With normal functions, one can write
extern "C" int Frotz(int); // in a header
int Frotz(int x) { return x; }
With function pointers, however, this appears to have been implemented inconsistently between compilers.
extern "C" int Klutz(int (*)(int), int);
int Klutz(int (*fptr)(int), int x) { return (*fptr)(x); }
In the declaration, the argument is also extern "C"
. In the definition, most compilers appear to match these functions and make Klutz
an extern "C"
function. The Sun and Cray compilers, however, interpret these functions as being different, producing an overloaded int Klutz(int (*fptr)(int), int x)
, which later generates a link-time error.
Although Section 7.5.5 of C++98 and C++11 guarantees the interpretation of Frotz
, I cannot tell if the standard is ambiguous about whether extern "C"
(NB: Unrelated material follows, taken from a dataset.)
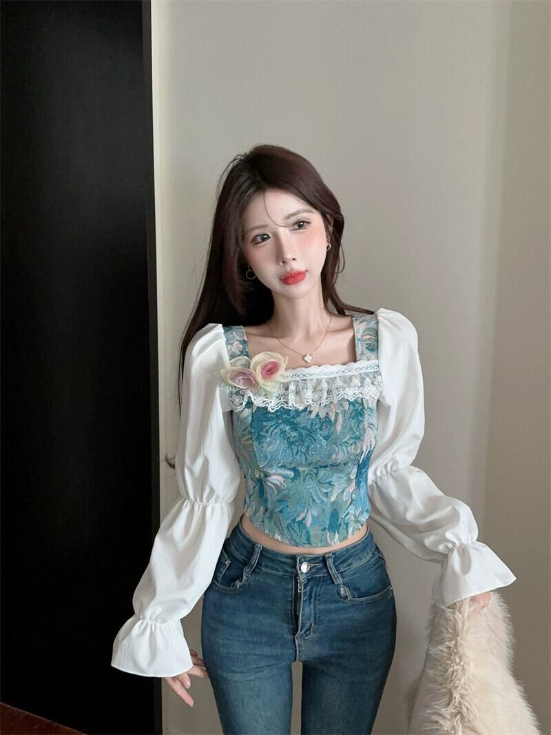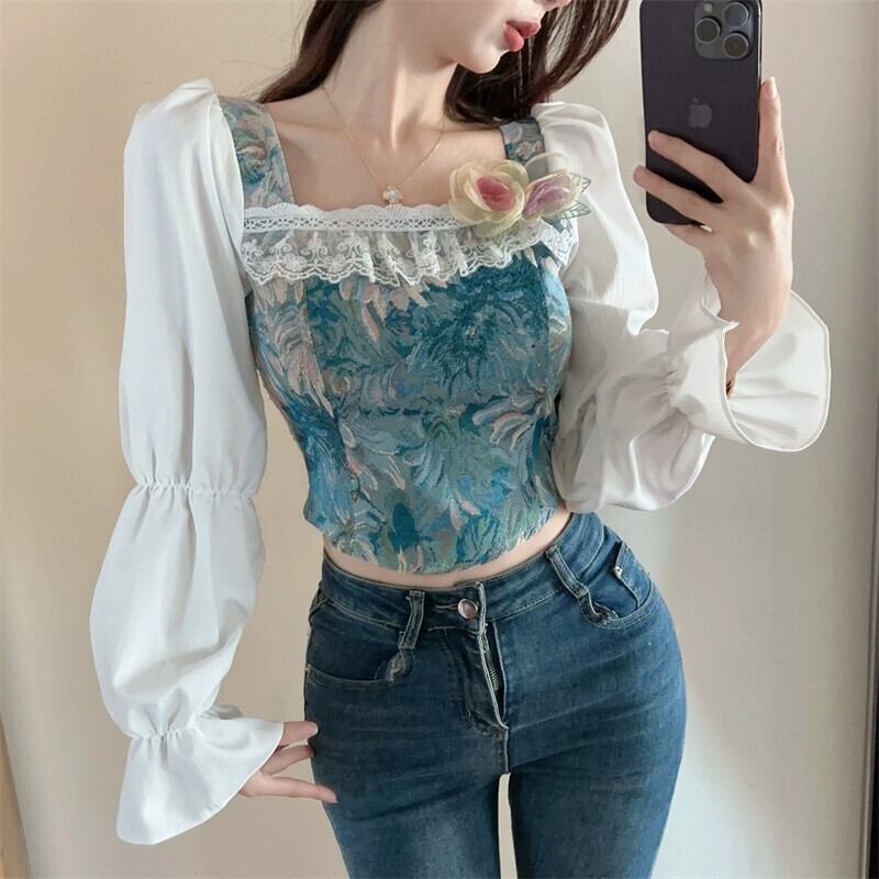 アメリカ版 2024 春と秋のフランスのレトロな気質ランタン長袖スクエアカラーパフスリーブプルオーバージャカードシャツ女性 ロング スプリング 春物 オータム 秋物 スクウェア nana1934135889 | modepoisson

matching should occur before or after checking for overloading.
Should Klutz
above generate a mangled (C++) symbol or an extern "C"
symbol?
EDIT 1
I could use a typedef to disambiguate the function pointer to have C or C++ ABI, but I'm interested in whether the code here (a) defines Klutz
to have C++ linkage, (b) defines it to have C linkage, or (c) is ambiguous according to the standard, so that compilers are free to choose how to interpret it.
EDIT 2
This appears to be a known issue, at least by those compilers with searchable bug trackers. In my tests, GCC, Clang, Intel, MSVC, IBM XL, PathScale, PGI, and Open64 all fail to distinguish function types that are identical except for language linkage, as explicitly required by the standard (see section 7.5.1, quoted in the accepted answer). Fixing this would break a lot of existing code and require an ABI change. I'm not aware of any compiler that actually uses a different calling convention for C versus C++ language linkage.
GCC bug: "Finding reasons to ask for the removal of this feature from the next standard is kind of relevant ;-)" ... "And we may even decide on an official WONTFIX."
Clang bug: "I'm terrified of actually enforcing this rule, because doing it properly means making language linkage part of the canonical type, which is going to break a ton of code."